In the initialization sensitivity test, less convection was produced when GFS data were used, but the convective modes primarily remained the same. IC initiated and grew to NS later in the evolution without becoming a BE. Convective initiation was later in the GFS-initialized run compared to that using NAM (2200 UTC versus 2030 UTC), and the transition to NS occurred at 1000 UTC 27 May compared to 0600 UTC for the NAM-initialized run. No NL event was observed with the GFS-initialized run, possibly due to the late transition to NS. The GFS-initialized simulation featured much less frontogenetical forcing with the warm front and ongoing convection compared to the NAM-initialized run and the RUC analyses, in addition to smaller precipitable water values in the foothills of the Rocky Mountains.
The present study investigated simulated convective morphologies and evolution for 37 warm season events. The classifications used to designate the convective modes for the events included three cellular, five linear, and a nonlinear mode used by Gallus et al. (2008) in addition to a mixed-complex mode added for the present study. Overall, the model produced more cellular modes than were observed, specifically CC, and too few linear modes, especially BE and TS.

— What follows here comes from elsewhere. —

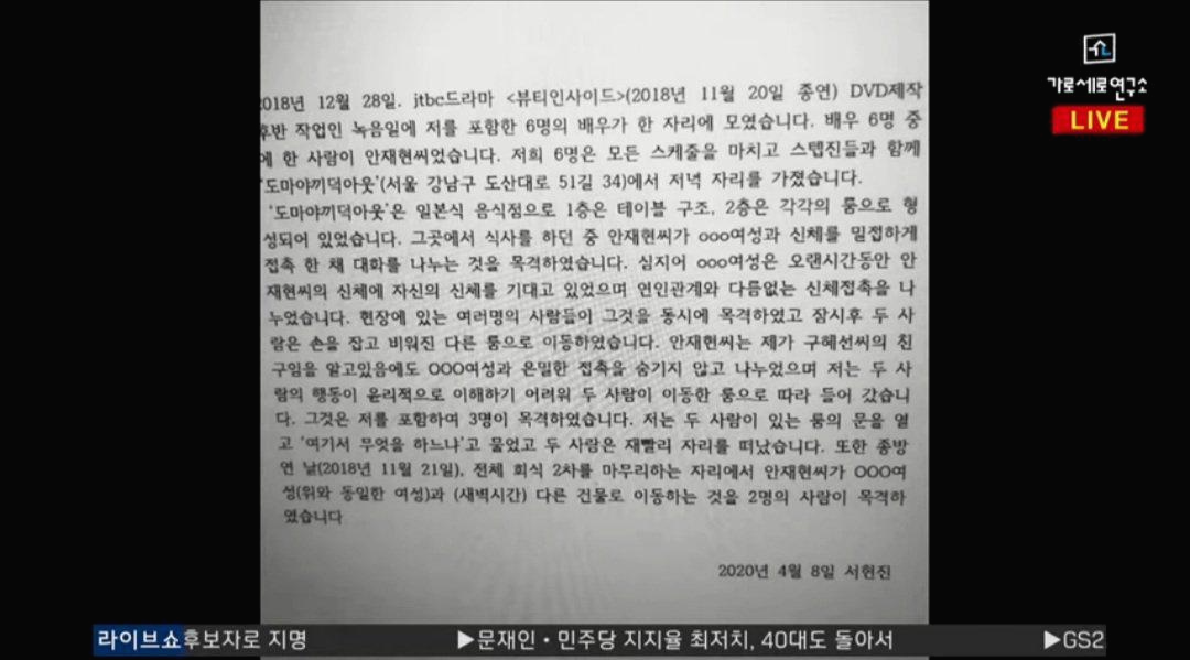 가세연 측은 "안재현과 구혜선의 이혼 소송 과정에서 누군가가 안재현의 외도 사실을 확인하기 위해 작성한 사실 확인서로 추정되는 문서를 확보를 했고 자세한 내용을 공개한다"라고 밝혔습니다.

A method using normalized time scales was devised to gauge the model’s accuracy in predicting convective mode with respect to radar observations. A “match” occurred if the simulated mode was the same as the observed mode at the same normalized time in the evolution, or if the two modes were in the same classification group. Of the 185 mode comparisons made, 58 were correct matches, and 104 were group matches. The model was least accurate in matching observed BE and TS events, and most accurate matching cellular modes. The total time in the event’s evolution in which a match was observed defined the event score. The average accuracy score for the 37 cases was 0.49, with 15 cases scoring at least 0.50. The model was also penalized if convective initiation or dissipation occurred more than 3 h different from that observed. Nine cases violated the timing criterion, and their average accuracy score was 0.32.

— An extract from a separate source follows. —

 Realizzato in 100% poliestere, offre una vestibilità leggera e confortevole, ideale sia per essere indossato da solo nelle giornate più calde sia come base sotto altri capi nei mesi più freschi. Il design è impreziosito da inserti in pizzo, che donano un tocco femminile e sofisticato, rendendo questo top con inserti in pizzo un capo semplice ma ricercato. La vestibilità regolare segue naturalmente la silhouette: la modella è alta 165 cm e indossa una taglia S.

Statistical significance testing showed stronger 0–6-km bulk shear and cooler potential temperatures aloft before convective initiation tended to result in higher-accuracy scores for the model. Meanwhile, weaker deep-layer shear, cooler surface potential temperatures, greater potential temperature lapse rates, and large differences between surface-based and most unstable CAPE were associated with cases having major timing errors in the simulations. The temperature-related parameters imply elevated convective situations were more difficult to simulate accurately. When similar parameters in the WRF were compared to the observations, little signal was present that increased skill in representing the mesoscale environment led to improved skill in simulating morphology. Instead, accuracy scores were generally better when the model overestimated CAPE. The model especially struggled to simulate morphology accurately when CAPE values were underestimated, especially MUCAPE. Poorly forecasted morphological evolution also tended to be associated with overforecasts of 0–6-km bulk shear.
Two case studies were performed to investigate in detail the poor simulation of TS and BE events. The first case study, 23 May 2006, featured an observed TS system that traversed the northern Great Plains throughout the evening and overnight hours. The simulation successfully predicted the first two convective modes (BL and NS), but failed to develop the observed stratiform rain. It was shown the amount of deep-layer shear may have been a major factor in the simulation’s failure, as well as excessive drying in the midlayers of the atmosphere.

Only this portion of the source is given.